# opinions of these puppies



## Volktmavy (May 4, 2016)

Hi,

New member here, first post. 

I'm looking for opinions on these puppies, especially from anyone with experience breeding. A random person told me they thought they looked mixed with lab. No idea what this persons experience is with GSD's, only talked via email. 

I have no doubts myself that they're purebred but just wanted to reach out to the community and gather opinions. This is the second litter from my pair, the puppies have all the same markings as puppies from he last litter, of which none of the puppies had any issues with ears standing.

I'll post a few pictures of the puppies and the sire/dam. puppies in pictures are 5 weeks old. Solid black dog is the dam. 

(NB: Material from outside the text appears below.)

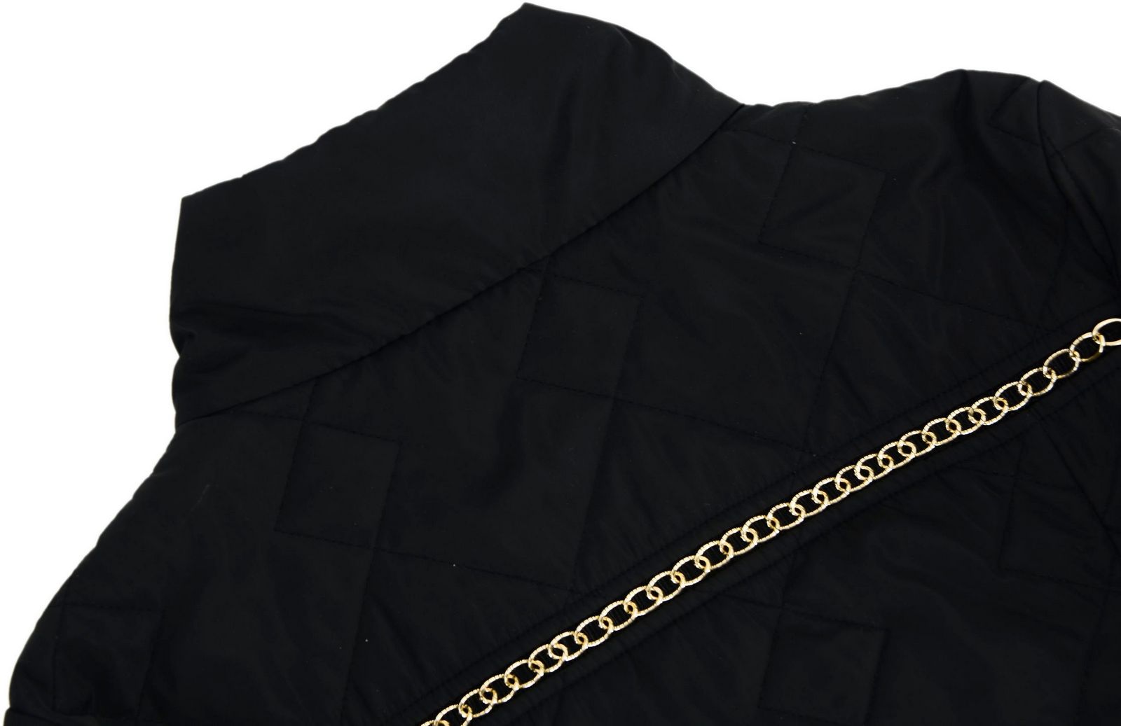 Luksusowa kurtka damska pikowana, ocieplana, w kolorze czarnym, z ozdobnymi łańcuszkami

Thanks in advance for your responses.


----------



## Jax08 (Feb 13, 2009)

Those are German Shepherds. The last picture looks like a coated bi-color. The second to the last is a black.

If this is the second litter from your pair, why would you need to ask if they look like lab mixes? Don't you have the AKC papers to prove they are purebred?


----------



## wolfstraum (May 2, 2003)

Lab crosses???? Look like coated or at very least plush coated pups....sire is obviously coated so no surprise.

Lee


----------



## Volktmavy (May 4, 2016)

Yes, both my dogs are AKC registered and I registered the litter as well. I don't have any reason to think they're not pure however I know crazy things can happen so just wanted to get some opinions. 

The only way they wouldn't be purebred is if a male lab managed to climb the fence and not get torn up by my male, which i find highly doubtful. 

Thanks for the response!


----------



## Volktmavy (May 4, 2016)

wolfstraum said:


> Lab crosses???? Look like coated or at very least plush coated pups....sire is obviously coated so no surprise.
> 
> Lee


Both of the sire's parents are longer haired and the dam's mom is longer haired as well, 70% of the puppies from my dogs have been longer haired.


----------



## Jax08 (Feb 13, 2009)

I think people unfamiliar with our breed often mistake puppies and black dogs as lab crosses. They don't know that the ears come up with age and a lot of people don't know there are black GSDs.


----------